Didymoceras nebrascense is relatively easily identifiable. It has three growth stages. The initial growth stage produces two more or less straight sections connected with each other by a sharply bent elbow. The sections are parallel to each other or diverging at an angle of 10° to 30°. The second, larger straight section is elliptical in cross-section, higher than it is wide. It connects to a third more broadly curving elbow. Like the second straight section, its cross section is also elliptical. Occasionally, some individuals only has one straight section and one curved section for the first growth stage.

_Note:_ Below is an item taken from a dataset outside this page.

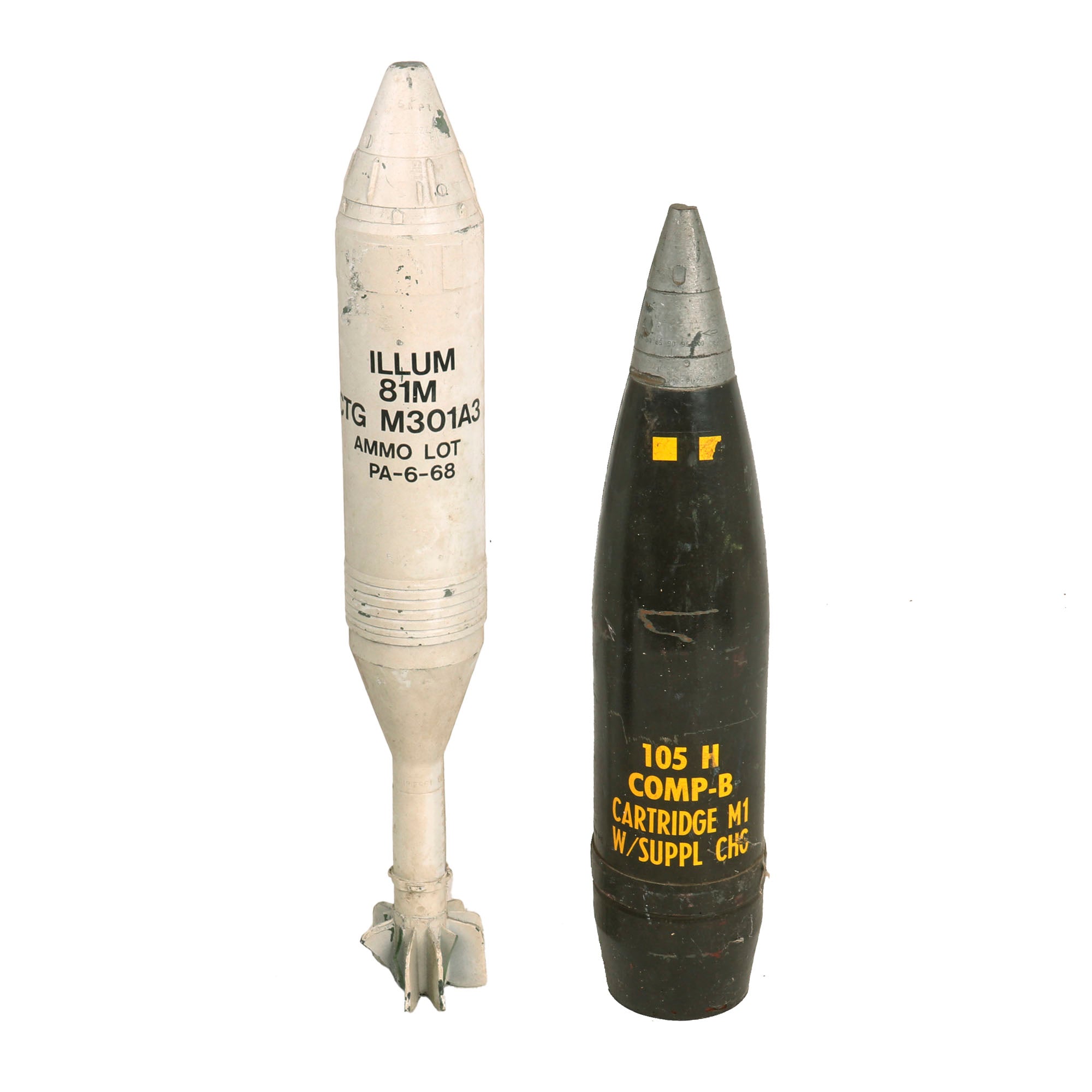 -Two originally 22” long thinner white painted shells labeled in black letters ILLUM 81M CTG M301A3 AMMO LOT PA-6-68. The smaller shaft above the fin assembly is stamped NAE 1-20 1952 81-MM M-301A1. One of the two examples has lost its entire fin assembly, now only measuring about 18½”.

The middle growth stage begins at the end of the last curved limb of the first growth stage. It is composed of three and a half loosely coiled whorls. The whorls are usually widely separated, but some individuals display whorls that are just barely touching each other. The ribbing becomes denser than in the first growth stage and its cross-section is more or less circular.

The third growth stage is that of the adult. It is composed of a single distinctive upward-facing U-shaped whorl. Ornamentation of Didymoceras nebrascense consists of a double row of nodes running along the ventral side. They are usually evenly matched with each other, but can sometimes alternate briefly. The straight sections of the first growth stage shows evidence of small sharp spines on the tubercles. The coiling can be to the left or right.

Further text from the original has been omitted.